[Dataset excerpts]
• • •

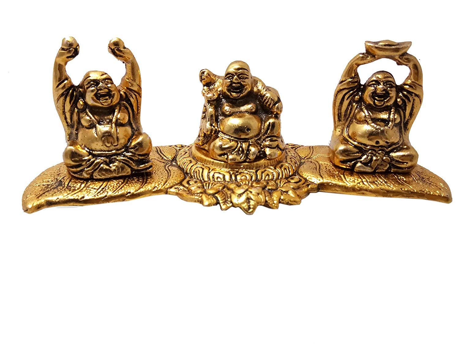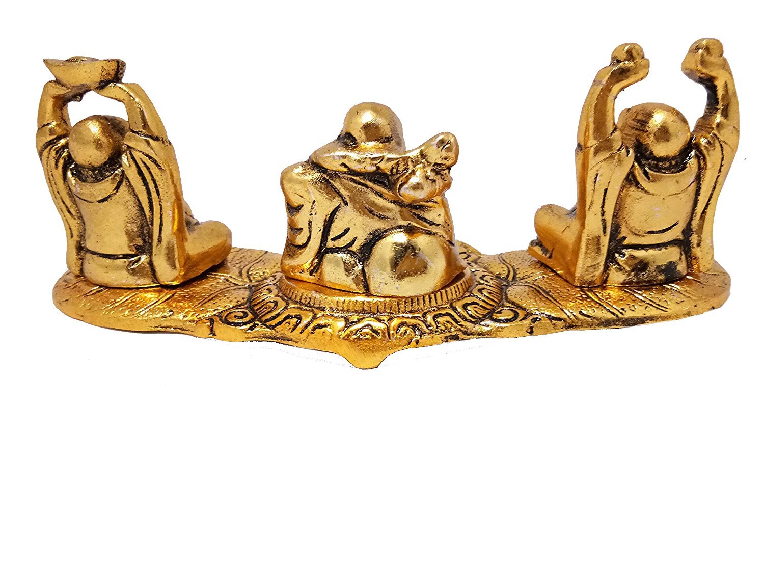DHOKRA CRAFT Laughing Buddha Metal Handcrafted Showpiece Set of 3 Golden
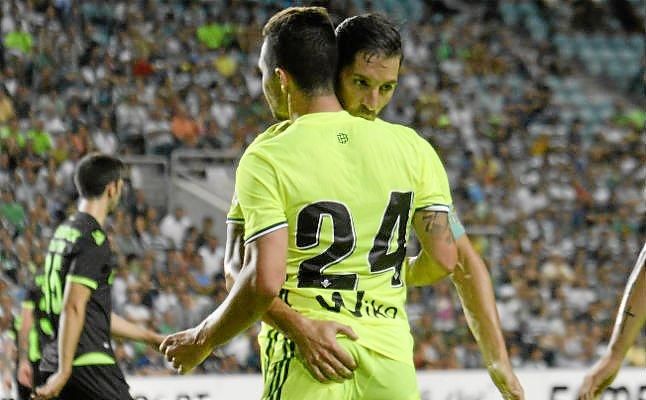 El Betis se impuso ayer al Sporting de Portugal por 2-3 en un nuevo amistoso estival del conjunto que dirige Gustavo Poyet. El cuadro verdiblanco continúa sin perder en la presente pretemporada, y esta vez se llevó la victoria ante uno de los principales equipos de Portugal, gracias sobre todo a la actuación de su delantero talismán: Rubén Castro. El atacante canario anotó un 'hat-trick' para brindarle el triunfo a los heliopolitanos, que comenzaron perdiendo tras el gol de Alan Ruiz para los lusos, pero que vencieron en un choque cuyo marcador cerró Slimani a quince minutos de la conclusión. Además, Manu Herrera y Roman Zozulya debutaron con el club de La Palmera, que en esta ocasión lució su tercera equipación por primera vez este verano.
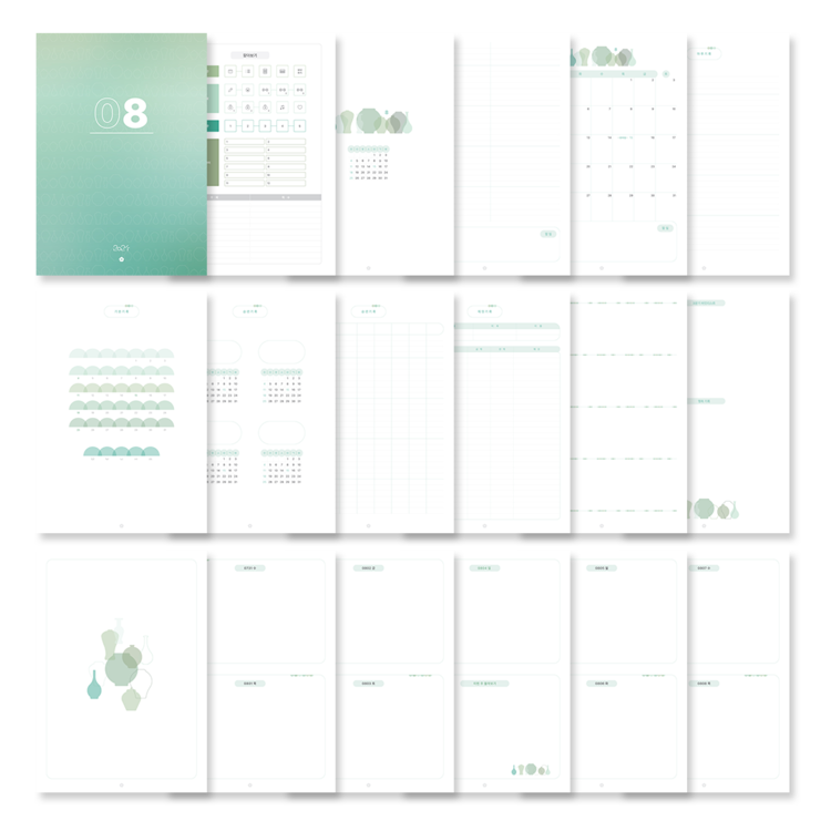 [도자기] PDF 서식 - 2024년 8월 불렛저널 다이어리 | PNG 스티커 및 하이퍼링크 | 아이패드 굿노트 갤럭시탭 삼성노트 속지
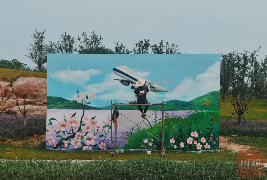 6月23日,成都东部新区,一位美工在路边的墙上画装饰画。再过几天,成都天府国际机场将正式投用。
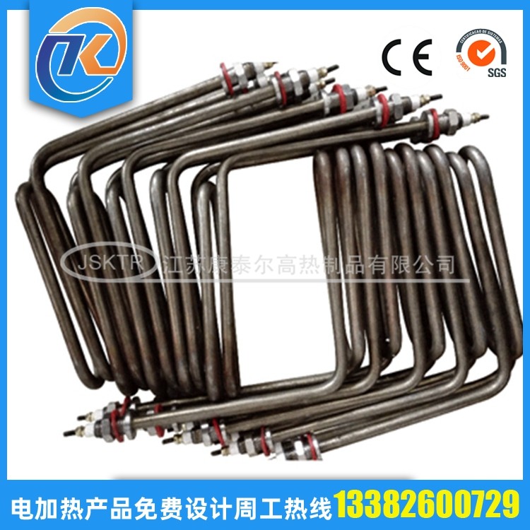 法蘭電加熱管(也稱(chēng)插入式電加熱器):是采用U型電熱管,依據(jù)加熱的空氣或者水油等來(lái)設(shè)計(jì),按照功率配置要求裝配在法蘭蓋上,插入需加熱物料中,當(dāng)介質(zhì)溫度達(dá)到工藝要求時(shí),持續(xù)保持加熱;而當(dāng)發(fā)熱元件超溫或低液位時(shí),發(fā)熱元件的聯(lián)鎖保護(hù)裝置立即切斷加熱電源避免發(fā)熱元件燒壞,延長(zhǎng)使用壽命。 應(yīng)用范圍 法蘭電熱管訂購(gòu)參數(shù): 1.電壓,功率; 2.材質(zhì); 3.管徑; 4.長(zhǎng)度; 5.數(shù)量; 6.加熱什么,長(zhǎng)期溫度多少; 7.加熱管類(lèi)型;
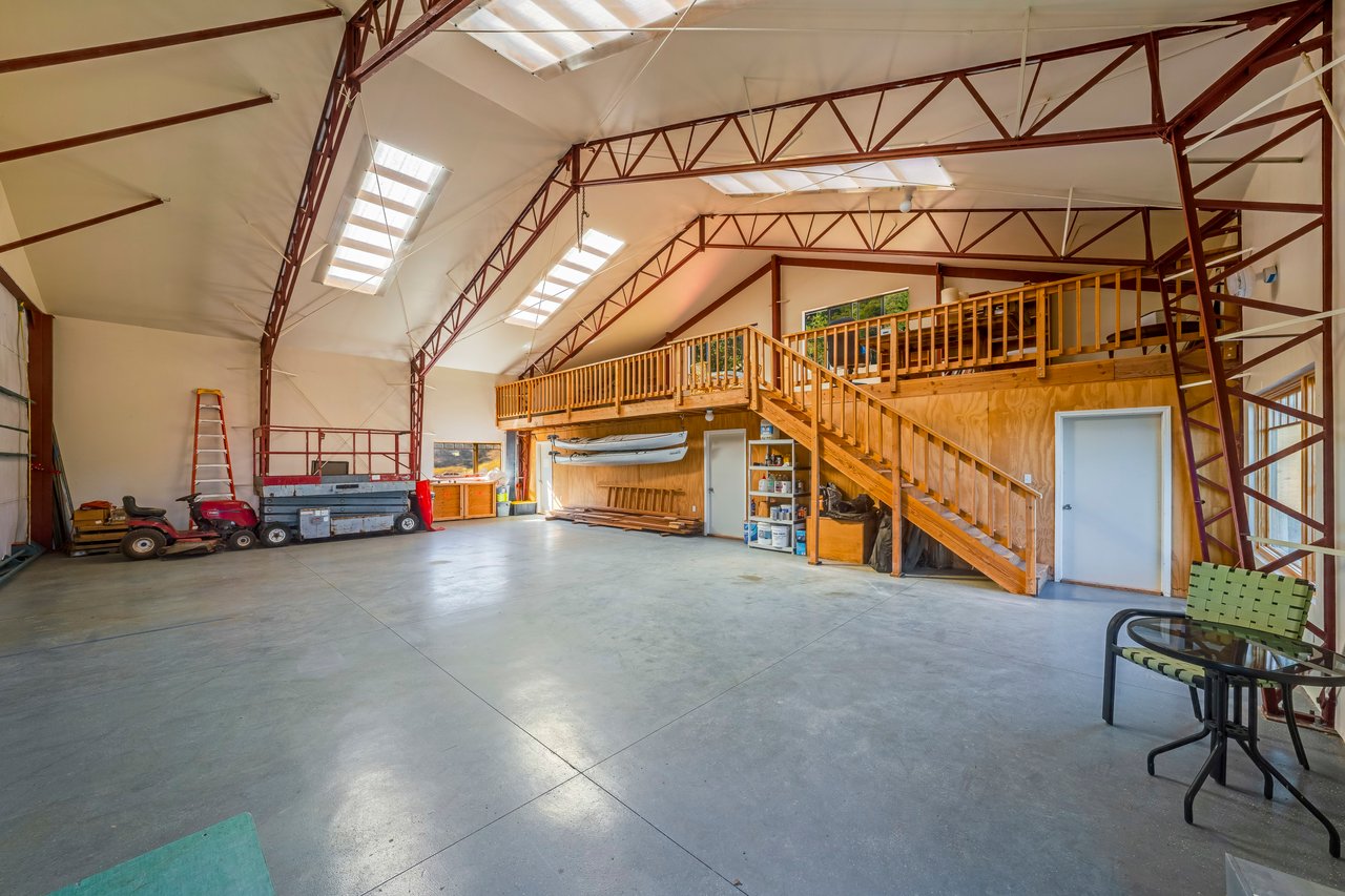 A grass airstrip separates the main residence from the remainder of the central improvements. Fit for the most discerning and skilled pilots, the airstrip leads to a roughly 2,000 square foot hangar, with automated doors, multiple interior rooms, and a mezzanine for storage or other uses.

• • •

Exercise brief: With the pictures left out, give again exactly the lines from the one that contains "5.數(shù)量; 6.加熱什么,長(zhǎng)期溫度多少; 7.加熱管類(lèi)型;" through the final line of the data above.

Result for this exercise:
 法蘭電加熱管(也稱(chēng)插入式電加熱器):是采用U型電熱管,依據(jù)加熱的空氣或者水油等來(lái)設(shè)計(jì),按照功率配置要求裝配在法蘭蓋上,插入需加熱物料中,當(dāng)介質(zhì)溫度達(dá)到工藝要求時(shí),持續(xù)保持加熱;而當(dāng)發(fā)熱元件超溫或低液位時(shí),發(fā)熱元件的聯(lián)鎖保護(hù)裝置立即切斷加熱電源避免發(fā)熱元件燒壞,延長(zhǎng)使用壽命。 應(yīng)用范圍 法蘭電熱管訂購(gòu)參數(shù): 1.電壓,功率; 2.材質(zhì); 3.管徑; 4.長(zhǎng)度; 5.數(shù)量; 6.加熱什么,長(zhǎng)期溫度多少; 7.加熱管類(lèi)型;
 A grass airstrip separates the main residence from the remainder of the central improvements. Fit for the most discerning and skilled pilots, the airstrip leads to a roughly 2,000 square foot hangar, with automated doors, multiple interior rooms, and a mezzanine for storage or other uses.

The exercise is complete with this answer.